Today, she spends her off hours exercising and adding to an academic resume that already includes two master’s degrees and a doctorate in political science. Her career resume is also spit and polish: Before becoming a lawmaker in 2004, she spent 20 years at the state-run Korea Institute for Defense Analyses, gaining expertise in East Asian security.

Many critics dismiss her as a shameless grandstander. They say she has never achieved office in a bona fide election but has twice been her party’s appointee to the legislature in an effort to add more women to the lawmaking process. Peace activists have burned her in effigy for what they call her hawkish approach to national security.

“She’s a jack of all trades and master of none,” said a former presidential aide who asked not to be named because he tries to keep cordial relations with Song. “She becomes a so-called expert in just a day.”

Her entry into politics surprised even Song. Kim Mun-soo, former head of the Grand National Party’s candidate selection committee, was impressed with her candor as a guest on a political talk show.

She was soon invited for an interview, which didn’t begin well. “I’d never heard of Kim, but he made me wait an hour and a half, which made me mad from the start,” she recalls.

When Kim appeared, he politely asked for five minutes of her time. To hear Song tell it, she replied, “You’ve got three.”

“The secretary said I was obnoxious to a man who was a kingmaker,” she says. But after an hourlong talk, Kim reached across his desk and said, “Let’s do politics together.”

Six years ago, Song received the Grand National Party’s backing as a national lawmaker. Four years later, the political group had become the ruling party, but Song joined the legislative minority after falling out of favor with President Lee Myung-bak. (In the 2007 presidential election, Song sided with Lee’s female opponent.)

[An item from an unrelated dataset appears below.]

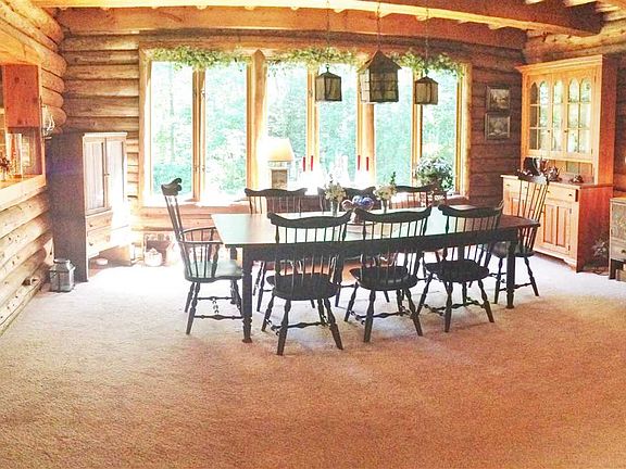 If you appreciate 1934 log architecture w/ beautifully designed additions & updates plus 320 feet of Portage lake frontage, this is for you. If you are expecting a perfect new house this is not for you. This gorgeous property features a 5 BR, 4 bath home. The kitchen was updated with top of the line cabinets, including double pantries; pull out drawers and shelves, gas cooktop, built in oven & microwave plus Silestone counter tops, offset by a tile backsplash on a Duraceramic floor. Off of this is a breakfast nook w/ window seat & built in desk. A large walk-in pantry is tucked under the stairs for even more storage. A 3/4 bath w/ tile & stone walk in shower & huge vanity is off the main floor laundry. The living room has a gorgeous stone fireplace with a gas insert, the dining area has the original copper lights, & this is a large open space just off the kitchen perfect for entertaining. The family room was the old front porch & converted many years ago, a corner wood fireplace makes this, while large, a cozy inviting space. A screen porch across the entire front of home was added 5 years ago. The second floor of the original log home has 4 BR, 2 with nice closets (1 cedar lined), 2 without & a full bath. In 2006 the owners added a master suite with its own air conditioning, & propane heating system. The windows are triple pane with blinds. There is also another laundry area in this fabulous space. The large bedroom has a gas fireplace & double walk in closets with organiz

Song says her patriotism drives her to pound away at the military culture, which she charges is pervaded by retired generals who cut backroom deals with contractors.

Then there’s “the sheer stupidity” of such things as the square-handled hammer that “even an elementary school graduate could see would quickly give soldiers blisters.”

Song relishes the TV spotlight, moments for which she saves her best ammunition. “I’m a teacher deep in my DNA,” she says, “and I know that audiovisuals can win over any audience.”

Her combat boot performance was another victory. Song surprised military officials by securing from the manufacturer one of the 4,500 defective pairs of boots out of an order of 450,000 — a small percentage, but too much for Song.

Chastised military brass agreed to remedy the problem, a tacit surrender that Song says proves her strategy: that telling it like it is, making a few enemies along the way, is sometimes what it takes.

“I’m just a woman who speaks my mind.”

Ethan Kim in The Times’ Seoul Bureau contributed to this report.